Peñas and Hovy, COLING 2010
Anselmo Peñas and Eduard Hovy. Filling Knowledge Gaps in Text for Machine Reading. COLING 2010.
The gist of this Paper is that there is a lot going on in real-world sentences that is does not just fall out of simple constituency or dependency parses. For example, in the phrase "a seven-yard Young touchdown pass," those parsers would just give you a bunch of noun-noun or adjective-noun constituents. That's nice, but it doesn't tell you the semantics of the phrase. On the flip side, semantic role labelers might just skip over the noun "pass" as not needing further analysis. What this paper does, essentially, is recognize when phrases (noun-noun compounds, specifically) are in need of further semantic analysis and try to fill in the blanks. Their system turns the phrase "a seven-yard Young touchdown pass" into something more like this: "a seven-yard pass that Young threw for a touchdown." That's obvious to a human reader, but very difficult for computers, and it's pretty impressive that they were able to do it.

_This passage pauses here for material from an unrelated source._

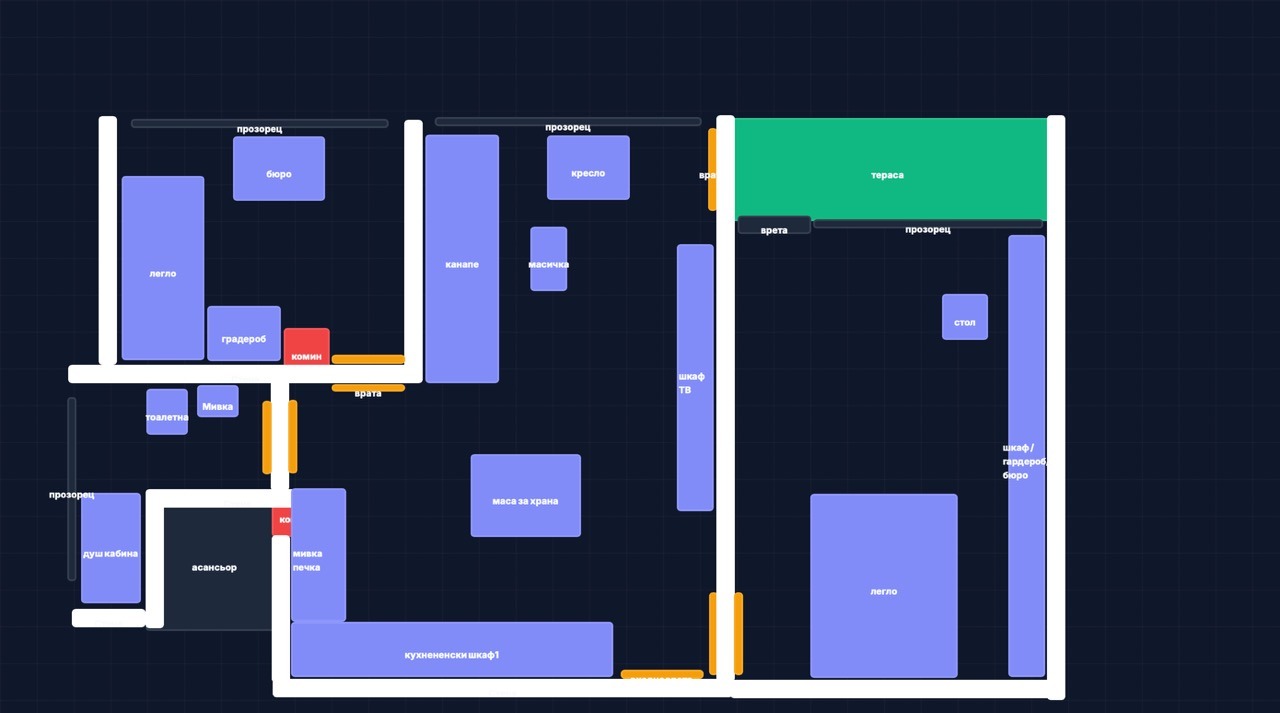 Апартаментът има чиста жилищна площ 75 кв.м. и се състои от: входно антре, просторна дневна, стая, кухня и баня с таоалетна. Два балкона- голям балкон пред двете стаи и един пред банята. Изложение: изток.

They accomplish this by building up a big database of distributional semantics over words and part of speech labels. This database consists of sequences of coarse part of speech tags, like N:V:N, along with counts for each set of words seen with that part of speech sequence (they actually do a dependency parse and then simplify it down to those sequences, so it's not as naive as just running a POS tagger).
When they come across a noun-noun compound that they want to enrich, like "touchdown pass," they look in their database of counts for sequences that use those two nouns that make sense. In this instance they come up with a N:P:N sequence, pass:for:touchdown. They can get as specific as there are counts for, so they can do queries like "Young:throw:pass:?:touchdown." They also do some hierarchy and category instance learning, so that they know "Young" is a "quarterback," "quarterbacks" are "players," and "players" are "people." If they don't have enough evidence at one level, they can go up the tree until they reach a point where they can make some conclusion.
They did not have much in the way of quantitative results in their paper. They mention that they are in the process of performing an extrinsic evaluation of their system, by using it input to a QA system. In this paper, they just give some anecdotal evidence that their system is good, and a brief comparison of completeness for their domain as compared to other automatically built knowledge bases.